=== Begin Enclosure ===

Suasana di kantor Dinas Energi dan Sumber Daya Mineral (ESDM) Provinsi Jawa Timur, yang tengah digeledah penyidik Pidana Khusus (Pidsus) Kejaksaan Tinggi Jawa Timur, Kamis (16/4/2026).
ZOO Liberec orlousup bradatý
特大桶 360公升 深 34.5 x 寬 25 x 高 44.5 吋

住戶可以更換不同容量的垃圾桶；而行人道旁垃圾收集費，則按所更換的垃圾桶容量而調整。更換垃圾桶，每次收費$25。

=== End Enclosure ===
=== Begin Enclosure ===

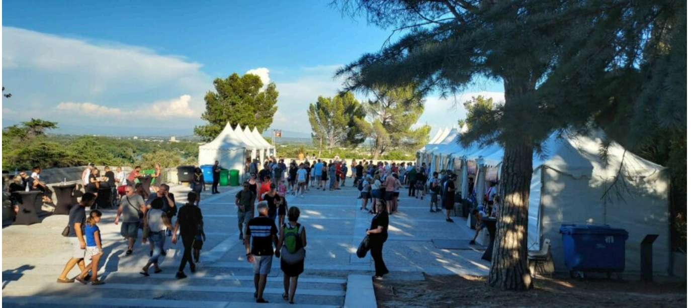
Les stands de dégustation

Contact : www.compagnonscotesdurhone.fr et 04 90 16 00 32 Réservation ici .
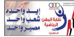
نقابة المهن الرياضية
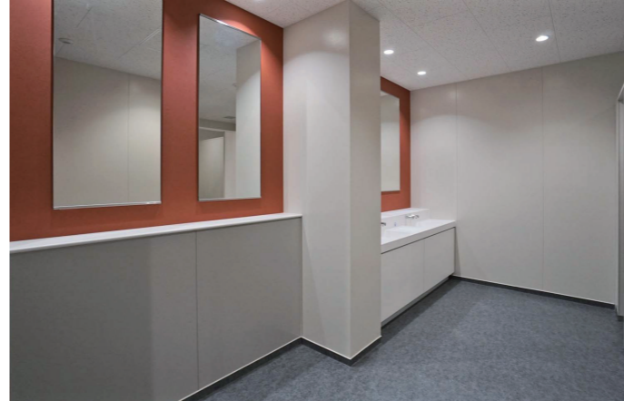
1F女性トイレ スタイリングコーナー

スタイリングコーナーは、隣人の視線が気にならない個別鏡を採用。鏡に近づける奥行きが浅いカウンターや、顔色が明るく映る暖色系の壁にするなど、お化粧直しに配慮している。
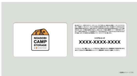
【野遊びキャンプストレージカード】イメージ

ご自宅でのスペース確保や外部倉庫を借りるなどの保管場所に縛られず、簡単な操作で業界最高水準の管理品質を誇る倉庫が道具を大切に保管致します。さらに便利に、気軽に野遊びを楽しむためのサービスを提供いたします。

=== End Enclosure ===

Task directions: Using the records above, restate word for word the lines from the one with "ZOO Liberec orlousup bradatý" through the one with "住戶可以更換不同容量的垃圾桶", both included.

Solution for this problem:
ZOO Liberec orlousup bradatý
特大桶 360公升 深 34.5 x 寬 25 x 高 44.5 吋

住戶可以更換不同容量的垃圾桶；而行人道旁垃圾收集費，則按所更換的垃圾桶容量而調整。更換垃圾桶，每次收費$25。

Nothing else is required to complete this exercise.